One day after the baseline sleep recording, rats in the FC group were trained, using an auditory CS (tone) paired with an aversive US (electric footshock). On the training day, an “unsafe” person, who had not handled the animal previously, performed the training. This individual placed the animal in a precleaned (Windex Original) shock chamber (Coulbourn Precision Regulated Animal Shocker Model E13–14) equipped with a grid floor for administering the electric shock. The animal was allowed to explore the cage freely for approximately 60 sec and was then presented with 5 tones (Coulbourn Tone/Noise Generator) (800 Hz, 90 dB, 5 sec), each co-terminating with a footshock (1 mA, 1 sec) (Coulbourn Habitest Model E10–8RF). The computer-automated, 5 tone-shock pairings (using Graphic State software) were administered at 30-sec intervals. The UP control animals also received 5 tones and 5 footshocks, but in an explicitly unpaired manner. For this group, a shock could occur anytime during the session, except during or within 5 sec of a tone. The length of the conditioning session was equivalent for both the groups. At the end of the session, all subjects were returned to their home cage in the animal colony.

The effects of CS exposure on sleep-wakefulness and freezing were studied on Days 1 and 14 following training. The same person who had conducted the baseline sleep recording (“safe person”) brought the rat, in its home cage, back to the neutral chamber for habituation on Day 13 and for sleep-wakefulness recording on Days 1 and 14. Animals were allowed 10–15 min to familiarize themselves to the neutral chamber on Days 1 and 14. Thereafter, they were reexposed to 5 computer-automated tone (CS) presentations alone, at a 30-sec intertone interval over a 145-sec period. Subjects were hooked up for sleep-wakefulness recording 5 minutes after the termination of the first CS to obtain exclusive and consistent freezing responses without interference from the sleep recording procedure, notably restriction of movement by the recording cable. During that 5-min period, the animal was videotaped for offline scoring of freezing behavior. Sleep-wakefulness was then recorded for 4 hours, after which the animals were returned to the colony. All subjects were studied at the same time on all days (sleep-wakefulness recording: 11:00–15:00; fear conditioning: 10:45–11:00).

Sleep Parameters

Computerized polysomnographic records were visually displayed, divided into 10-sec epochs and manually scored using commercial software (Somnologica) employing standard criteria for rats: Wakefulness—low voltage, high frequency EEG waves (alpha: 9–12 Hz; beta: 12–20 Hz; gamma: 20–40 Hz) associated with increased motor activity; NREMS—high voltage, low frequency EEG waves (0.5–4 Hz) and decreased motor activity; REMS—low voltage, high frequency EEG waves with a prominent theta peak (4–9 Hz) and nuchal muscle atonia. The total times in REMS and NREMS were calculated and REMS and NREMS amounts were also expressed as a percent of total sleep time (TST). Latencies to REMS and NREMS were calculated by measuring the time elapsed between the start of the recording and the first episode of each state. We also calculated the number and average duration of individual episodes of REMS, NREMS, and wakefulness. Finally, we evaluated the microarchitecture of REMS, by analyzing the amounts of sin-REMS and seq-REMS, as well as the number of sin-REMS and seq-REMS episodes. Additionally, the amount of seq-REMS clusters was calculated as the total amount of time within series of seq-REMS episodes, including intervening NREMS and/or periods of wakefulness.

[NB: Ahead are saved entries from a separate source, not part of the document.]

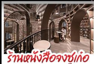
ร้านหนังสือจูกูเกอ

อุทยานกุส่าสือครุณี อุทยานป่าเชิงทิว หมีแพนด้าแอนเซลฟี ร้านหนังสือจูกูเกอ วัดต้าฉือ ถนนโบราณความจำ ซอปปิงย่านคิง ถนนไท่กู่หลี่ + ถนนซุนซู่ เมนูพิเศษ สุกี้หมาล่าเสวณ
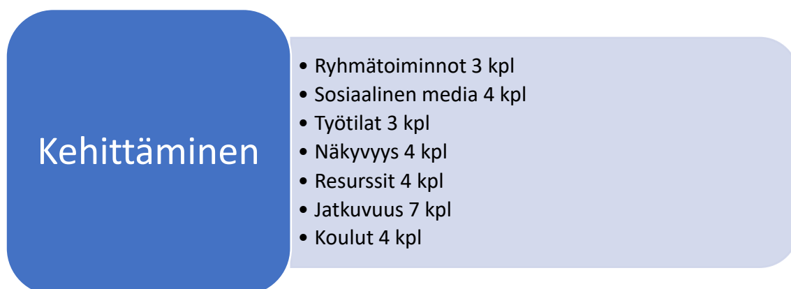
Kuva 3. Kehittämisen teemoittelu.
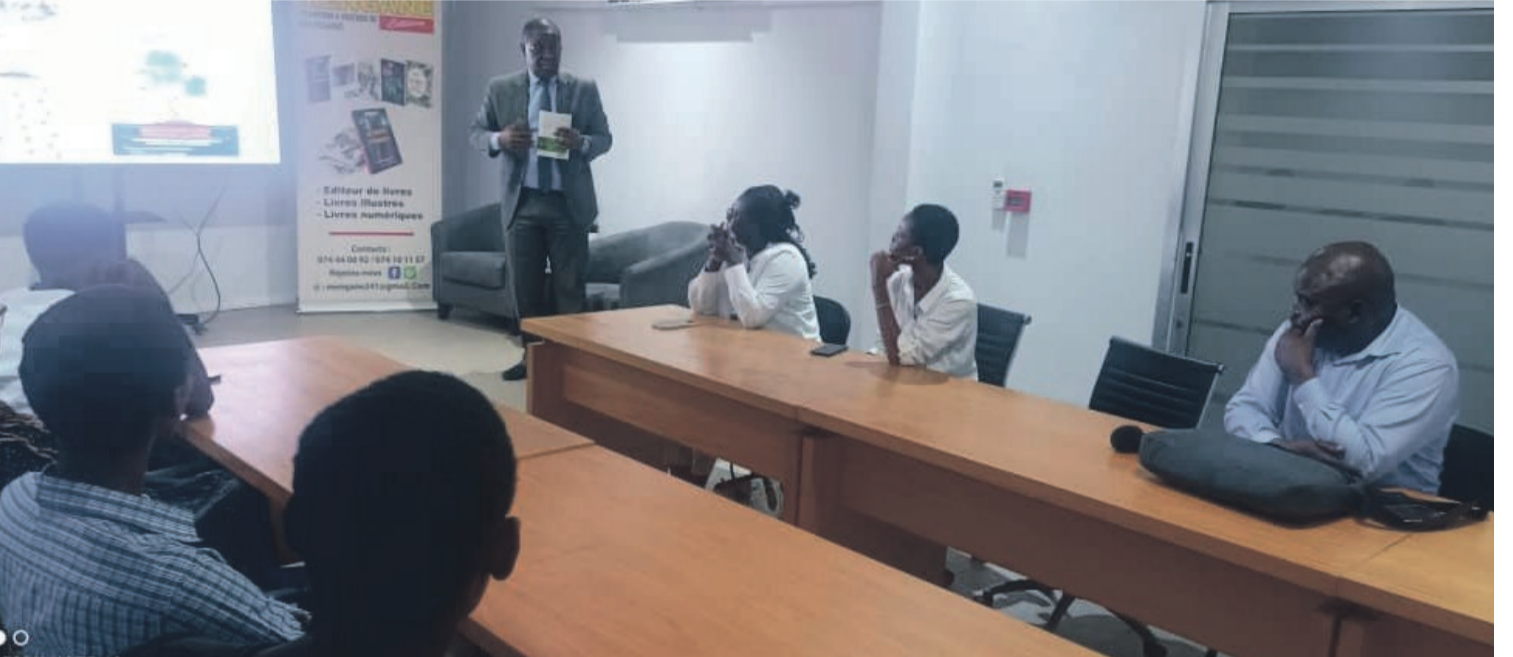
La rentrée littéraire numérique au cours de laquelle les éditions Mengane ont présenté l'application Tradi-tech.
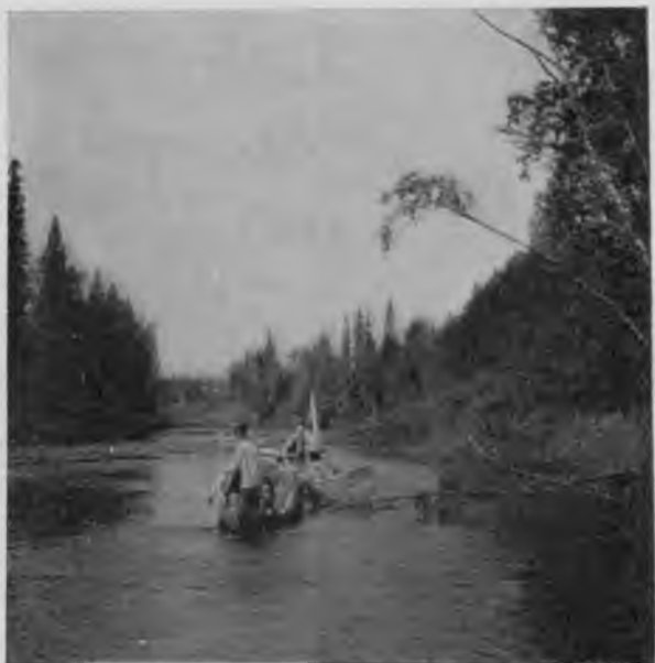
С. Мылва въ открытыхъ мѣстахъ.

на берегу видны остатки сгорѣвшей керки. Версты 2 идетъ это пожарище, то почти кончаясь и только кое-гдѣ по рыжимъ пятнамъ среди общаго зеленого фона замѣтно, что тамъ пробирался огонь, то опять расширяясь и занимая оба берега. Лѣсъ здѣсь не важный и жалѣть его, какъ цѣнность, можетъ быть, и не приходится, но все-таки въ душѣ невольно закипаетъ злость противъ того животнаго, въ лучшемъ случаѣ, по неосторожности котораго отнято столько жизней. Удивительно, на какія рубрики разбилъ человѣкъ всѣ жизни въ природѣ: если по неосторожности кого-либо погибнетъ сотня людей—это кажется ужаснымъ, виновники нерѣдко не могутъ перенести послѣдствій своей неосторожности и гибнуть, убитые раскаяніемъ; можетъ быть, почувствуетъ себя неловко и тотъ человѣкъ, по неосторожности котораго будетъ отнята жизнь у сотни лошадей или коровъ, а у того, изъ-за котораго смерть прибегнетъ къ себѣ какую-нибудь тысячу тоже живущихъ деревьевъ, вѣдь и не шевельнется совѣсть.

Offline, we analyzed the freezing behavior of the rats for a period of 300 sec just after presentation of the first CS tone on the post-conditioning days. For comparison, freezing behavior was also recorded for 300 seconds before hook-up of the animal on the baseline recording day. The total time spent freezing at baseline and on postconditioning days was transformed into a percentage of the total observation period.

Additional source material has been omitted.